Oatly invests in Sweden production facility
The oat milk major said the expansion will enable it to meet “accelerating global demand for its plant-based drinks”.
Oatly is investing $16m in the expansion of its production facility in Landskrona, Sweden.
In a statement on 5 March, the dairy-alternatives group said it will spend the sum over a “multi-year” period to upgrade the plant and lift capacity there by more than 33%.
The expansion will be used to build three new production lines and increase Landskrona plant’s annual output from 150 million litres to 200 million litres.
It is expected and enable Oatly to meet “accelerating global demand for its plant-based drinks”, the group said.
Construction is due to start this month and is expected to be completed by March next year.
Oatly sustainable operations SVP Simon Broadbent said: “We’re seeing growing demand for our products, so the time is right to upgrade our Landskrona site which has performed fantastically well in recent years, both in stability of output and outstanding cost management.
“The Landskrona factory is a key site for us, not only because of our roots in Sweden, but also because it’s a fully owned, end‑to‑end production hub and home to many of our core functions.”
The site, which has been active since 2006, employs more than 300 people.
Oatly added that increased production at the facility will also allow it to source more oats for its products from Swedish farmers.
Nearly 70% of the volume produced at the site is exported. The business expects that share to increase after the expansion, as it serves “increasing demand for Oatly products” in countries such as Germany and the UK.

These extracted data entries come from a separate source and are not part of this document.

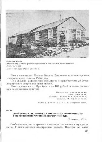 Сообщение А. М. Бычкова Камчатскому облнарревкому о положении на Чукотке к августу 1921 года. 27 августа 1921 г.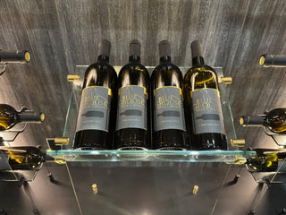 Bottle spacing is completely customizable, and you can choose between one- or two-bottle cradles depending on your capacity requirements. To further enhance your display, you can integrate standard flat shelving for liquor bottles or glassware, and our new angled presentation shelves are also now available.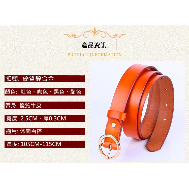 【喜番屋】真皮牛皮圓環針扣帶寬2.8CM女士皮帶【LL07】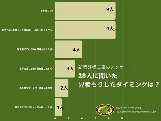外構工事を専門としている有限会社クローバーガーデン(本社:埼玉県)は、 一戸建て住宅に住んでいる人を対象にアンケート調査を実施。今回は「外構見積もりのタイミング」だけに焦点を当てたレポートです。

The site will also support supplies to growth markets such as France and Spain, where “the category is taking off”.
The Malmö-headquartered company sells its oat-based dairy alternatives in more than 60 countries worldwide. It owns two production sites and works with co-manufacturers at three other locations.
Oatly achieved its first full fiscal year of profitable growth in 2025.
Adjusted EBITDA for the 12 months to 31 December stood at $6.8m, compared to a loss of $35.3m in 2024.
The firm’s revenues reached $862.5m last year, a 4.7% improvement over 2024. The company also reported sales of $233.8m in Q4 2025, up 9% year-on-year.
The group’s North America market however saw revenue drop 9.1% in reported and constant currency terms, while volumes were down 11%.
In 2026, Oatly expects adjusted EBITDA to be in the range of $25m to $35m.
The group’s capital expenditures budget is expected to sit between $20m and $30m, $16m of which has now gone towards the Landskrona site.
Last month, Oatly also lost a UK court battle with the dairy-industry trade association Dairy UK over the labelling of oat milk. The UK Supreme Court ruled Oatly’s “Post Milk Generation” trademark breaches EU laws that still apply in the country.